Task requirements>
Output the records below in full, word for word; pictures do not belong in it.

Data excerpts
Segment Open

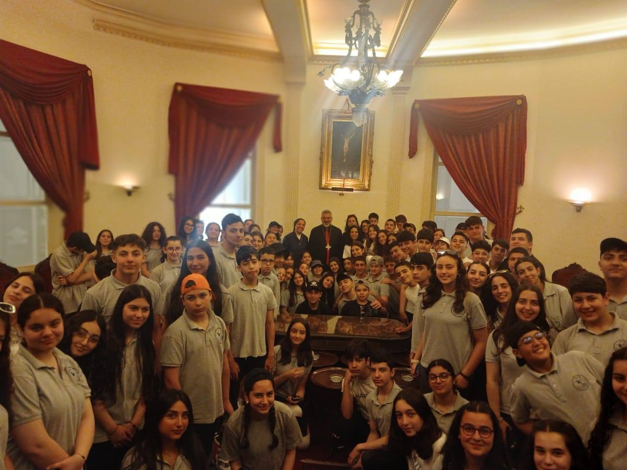 إستقبل رئيس أساقفة أبرشيّة طرابلس المارونيّة المطران يوسف سويف السامي الاحترام، في دار المطرانية – قلّاية الصليب، يوم الأربعاء الواقع فيه الثامن والعشرون من أيّار ٢٠٢٥، وفدًا من طلّاب مدرسة سيّدة السلام لراهبات المحبّة – القبيّات، لمناسبة إنهاء السنة الدراسيّة، ضمّ الأخت جوسلبن باخوس وعددًا من المعلّمات، ومئةً وعَشَرَةَ طلّابٍ من القسم التكميليّ.
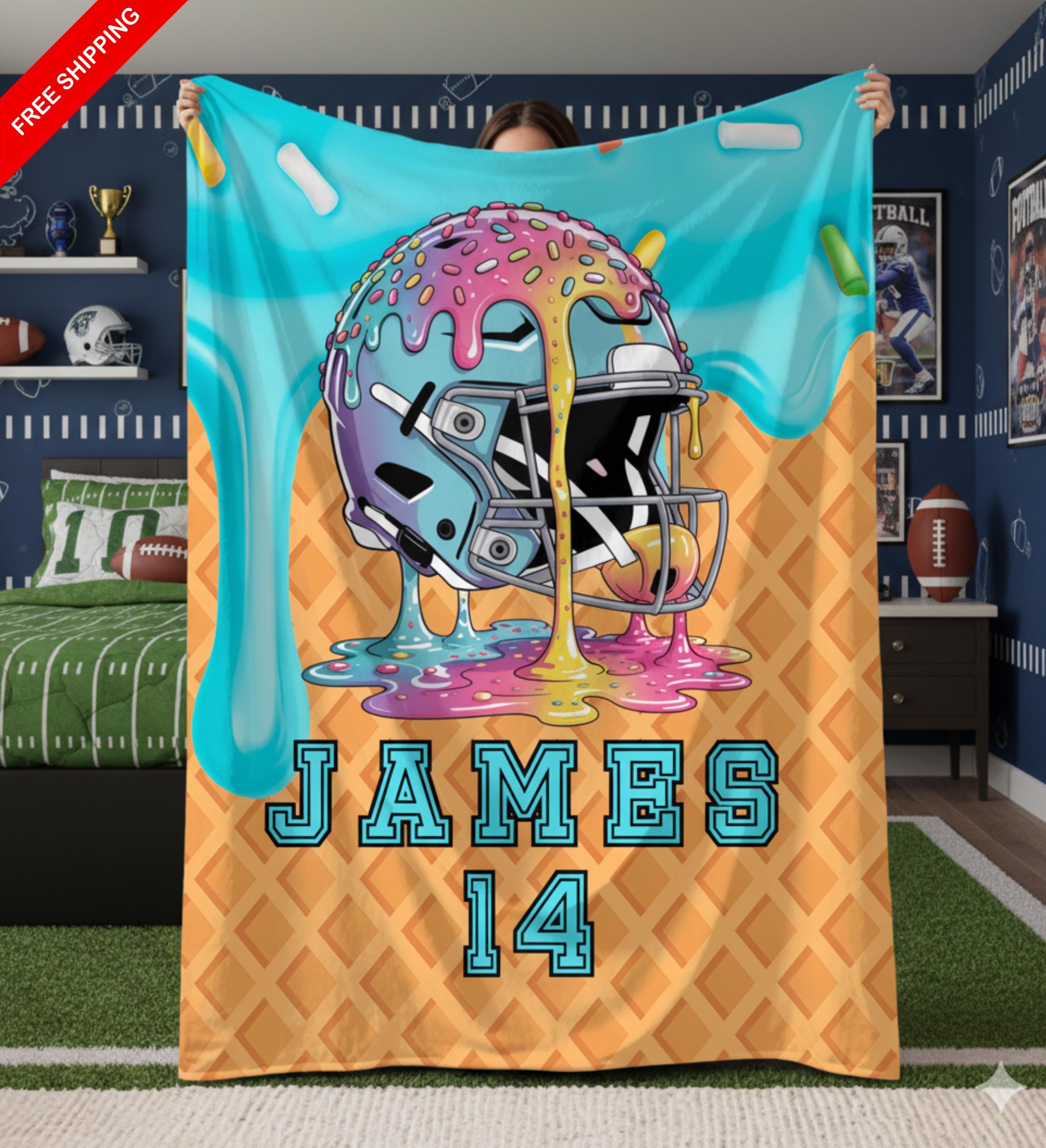"Personalized Ice Cream Drip Football Blanket - Custom Name Football Bedroom Decor - Cozy Footb...
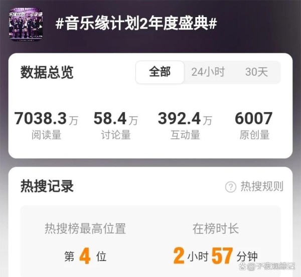 我专门去查看了下数据,音乐缘计划,2年度盛典话题阅读量7038.3万,互动量392.4万。
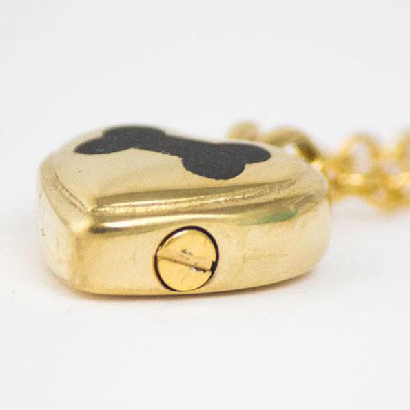 The Dog Bone Heart Stainless Steel Cremation Pendant is made in the shape of a heart and with the material gold plated stainless steel. In the center of the heart it has the silhouette of a bone.
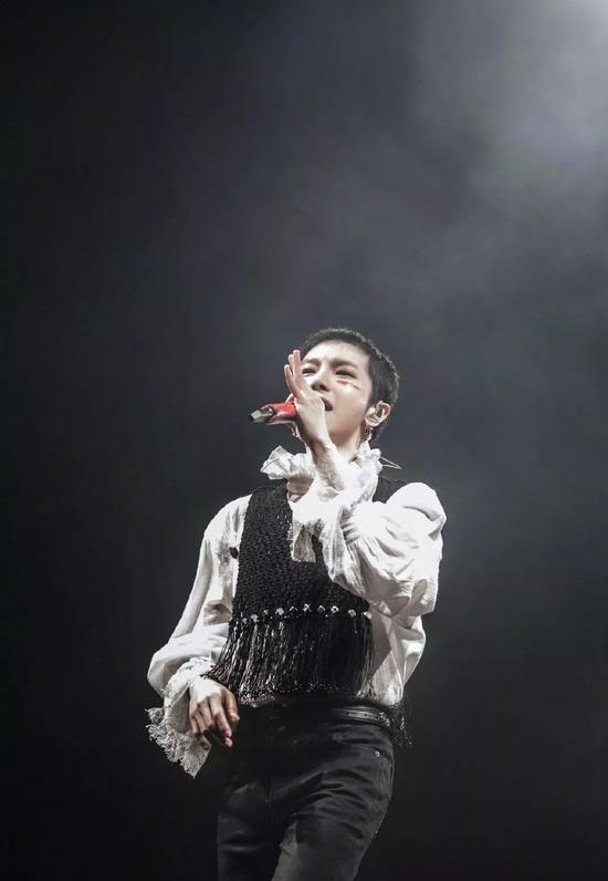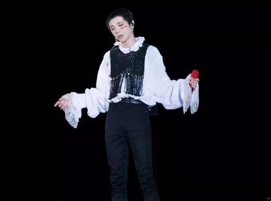 华晨宇在前段时间的火星演唱会中,像极了从黑暗中飞出的少年,身穿白色花边长袖衬衫搭配黑色针织马甲,唱着《疯人院》的他优雅从容,仙气满分。
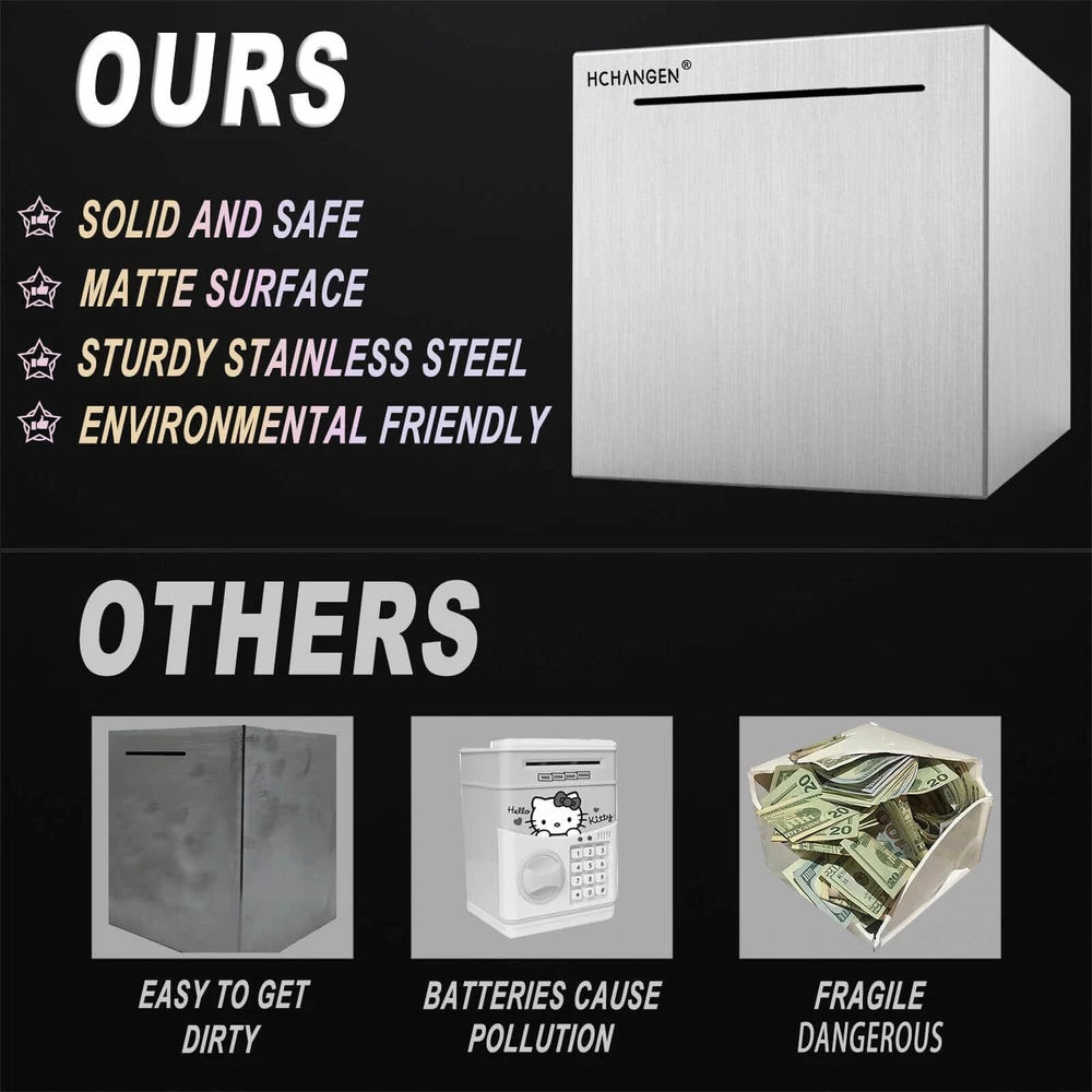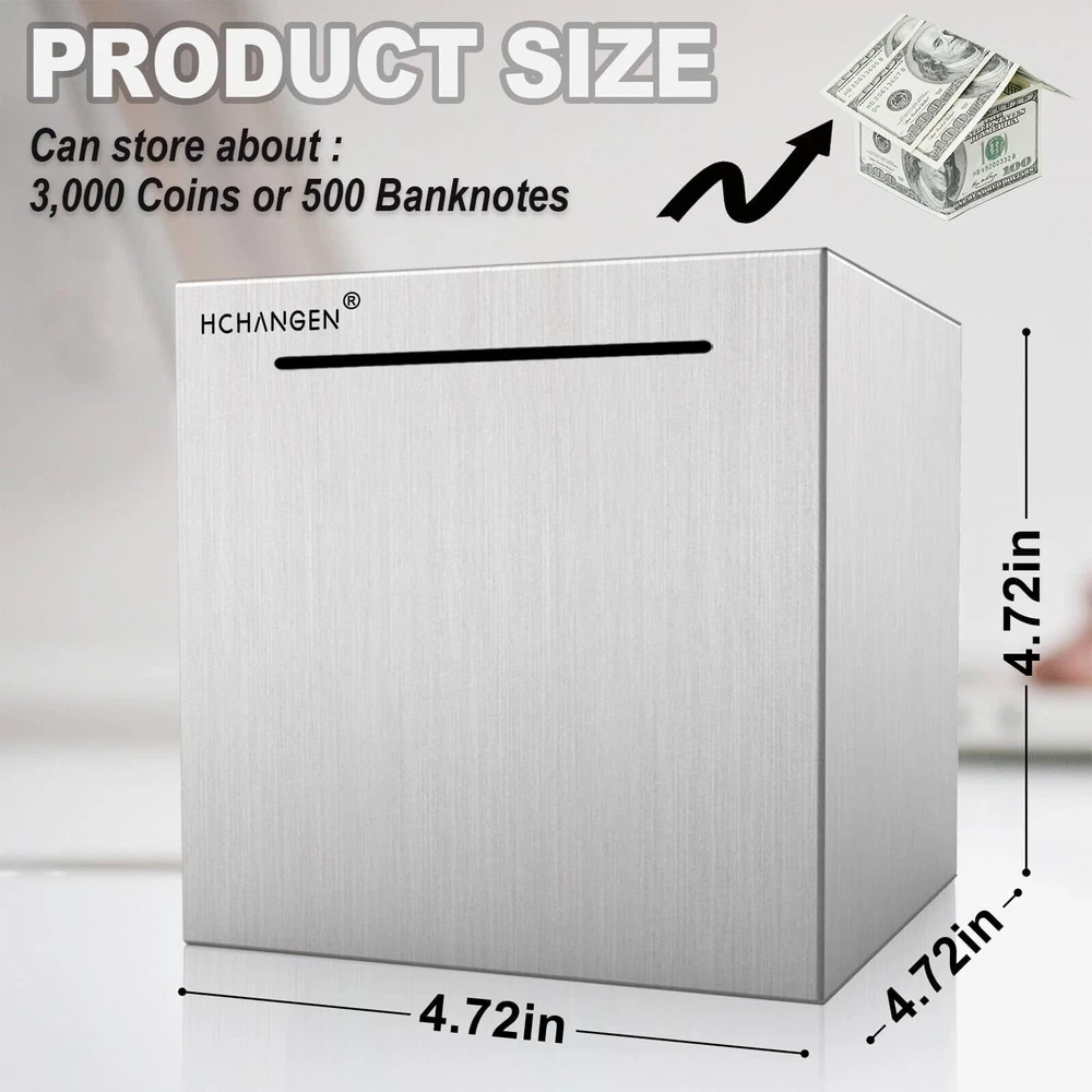 Unbreakable design: Made from high-quality stainless steel, this Metal Money Bank is virtually unbreakable, ensuring that your savings are always safe and secure. Perfect as an Adults Piggy Bank Convenient size: Measuring 4.72 inches, this sleek and stylish Stainless Steel Piggy Bank is the perfect size for any desk or nightstand, making it easy to store your savings and keep them close at hand Must break-to-open feature: When you're ready to access your savings, simply break open the Metal Money Bank and enjoy the fruits of your labor. This unique feature makes it a must-have Stainless Steel Piggy Bank Suitable for all ages: Whether you're an adult looking to save for a special purchase or a child learning about the value of money, this Adults Piggy Bank is an excellent tool to help you stay on track. With its stylish design, this Metal Money Bank is perfect for everyone Great gifts idea: With its durable construction and sleek design, the HCHANGEN Piggy Bank for Adults makes for a thoughtful and practical gift for any occasion. This Stainless Steel Piggy Bank is the perfect gift for your loved ones

Segment Closed

Reply to the task>
 إستقبل رئيس أساقفة أبرشيّة طرابلس المارونيّة المطران يوسف سويف السامي الاحترام، في دار المطرانية – قلّاية الصليب، يوم الأربعاء الواقع فيه الثامن والعشرون من أيّار ٢٠٢٥، وفدًا من طلّاب مدرسة سيّدة السلام لراهبات المحبّة – القبيّات، لمناسبة إنهاء السنة الدراسيّة، ضمّ الأخت جوسلبن باخوس وعددًا من المعلّمات، ومئةً وعَشَرَةَ طلّابٍ من القسم التكميليّ.
"Personalized Ice Cream Drip Football Blanket - Custom Name Football Bedroom Decor - Cozy Footb...
 我专门去查看了下数据,音乐缘计划,2年度盛典话题阅读量7038.3万,互动量392.4万。
 The Dog Bone Heart Stainless Steel Cremation Pendant is made in the shape of a heart and with the material gold plated stainless steel. In the center of the heart it has the silhouette of a bone.
 华晨宇在前段时间的火星演唱会中,像极了从黑暗中飞出的少年,身穿白色花边长袖衬衫搭配黑色针织马甲,唱着《疯人院》的他优雅从容,仙气满分。
 Unbreakable design: Made from high-quality stainless steel, this Metal Money Bank is virtually unbreakable, ensuring that your savings are always safe and secure. Perfect as an Adults Piggy Bank Convenient size: Measuring 4.72 inches, this sleek and stylish Stainless Steel Piggy Bank is the perfect size for any desk or nightstand, making it easy to store your savings and keep them close at hand Must break-to-open feature: When you're ready to access your savings, simply break open the Metal Money Bank and enjoy the fruits of your labor. This unique feature makes it a must-have Stainless Steel Piggy Bank Suitable for all ages: Whether you're an adult looking to save for a special purchase or a child learning about the value of money, this Adults Piggy Bank is an excellent tool to help you stay on track. With its stylish design, this Metal Money Bank is perfect for everyone Great gifts idea: With its durable construction and sleek design, the HCHANGEN Piggy Bank for Adults makes for a thoughtful and practical gift for any occasion. This Stainless Steel Piggy Bank is the perfect gift for your loved ones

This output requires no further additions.